The Lost Frankenstein Film

Rare still from Frankenstein Meets the Jazz Singer, produced and abandoned by Universal and Warners in the mid-thirties. In this shot the monster performs "Mammy" in Green-Face.

Why I Love Boris Karloff

When we're younger we have less respect for hard work and dedication and more appreciation of the cliched and showy. We make grand pronouncements about what's great in this area, what's great in that and through it all hold fast that our youthful convictions are not only accurate and correct but always will be. As a parent to four children ranging in age from 8 to 20 I've seen the black and white certitude of youthful judgment firsthand from the other side as well. When we get older however we learn to, as the cliche states, appreciate the finer things, those things not necessarily thrown in front of our collective faces with lights flashing and bells ringing. Since childhood I have acted, played and composed music, drawn and painted and worked on short films. I love the arts and my view of the arts has changed as dramatically as my view of most other things in life.

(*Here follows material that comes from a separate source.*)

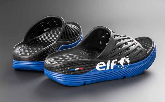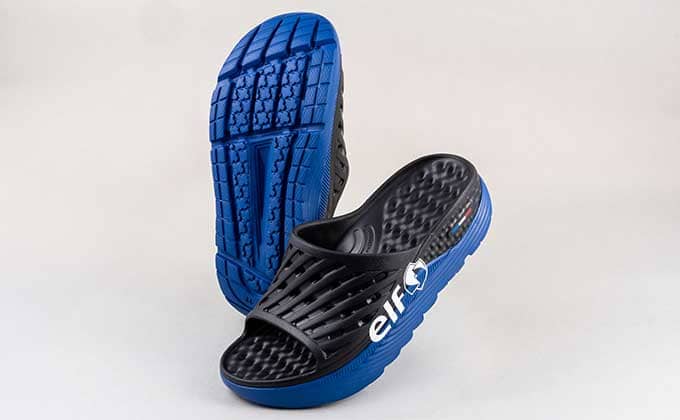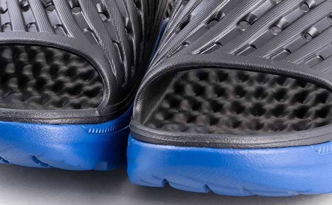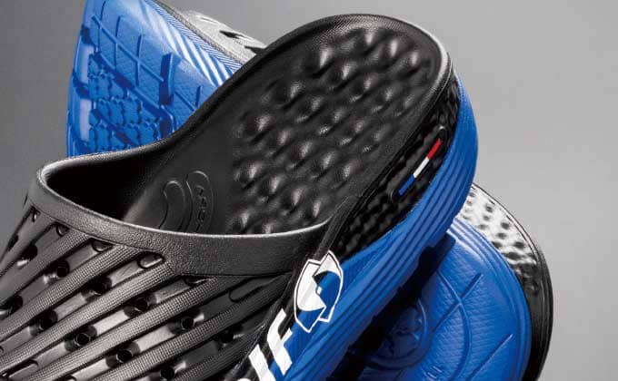 耐久性の高い耐摩耗性EVAと滑りにくいアウトソール形状を採用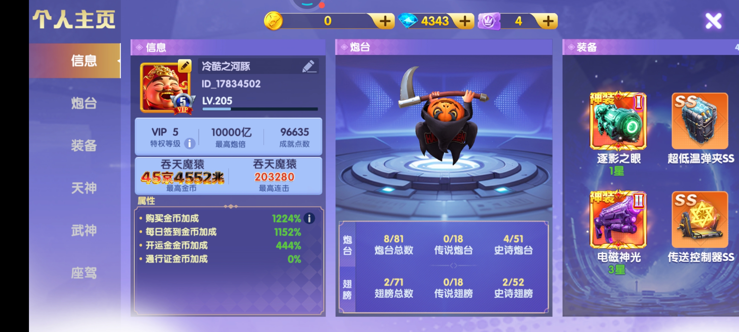 小米5出3回。可纯玩基本都是15000炮带羁绊4荒最高3万基础炮每天 10-100京大量有高分几百分

I find myself now reacting with cringes and bristles to much of what I accepted without question in my youth. In youth I would have ranked Jimi Hendrix as the greatest guitarist ever and probably did but as an adult who loves the guitar I can now see the foolishness of such a proclamation. Oh it's not that Hendrix wasn't great and didn't know his way around a six-string, it's that in his short time here he didn't leave enough of a record and never grew as I know he would have beyond the basic trappings and limitations of the blues and rock and roll form. I'd still rank him pretty high but now find myself much more impressed with the fretwork of Wes Montgomery or Django Reinhardt or Les Paul. Hell, if I had to rank the 25 greatest guitarists of all time probably no more than two or three rock and roll guitarists would even make the list. But rock and roll is showy and rock and roll critics never grow much older than seventeen intellectually so don't expect much of a shakeup next time you stumble across a "Best Guitarists of All Time" list. Expect Hendrix near the top. Again. Look for the incredibly rich, expansive and mature stylings of Wes, Les and Django much further down the list and don't bother looking for geniuses like Barney Kessel or Jim Hall at all. Most twenty-something rock critics don't even know who they are.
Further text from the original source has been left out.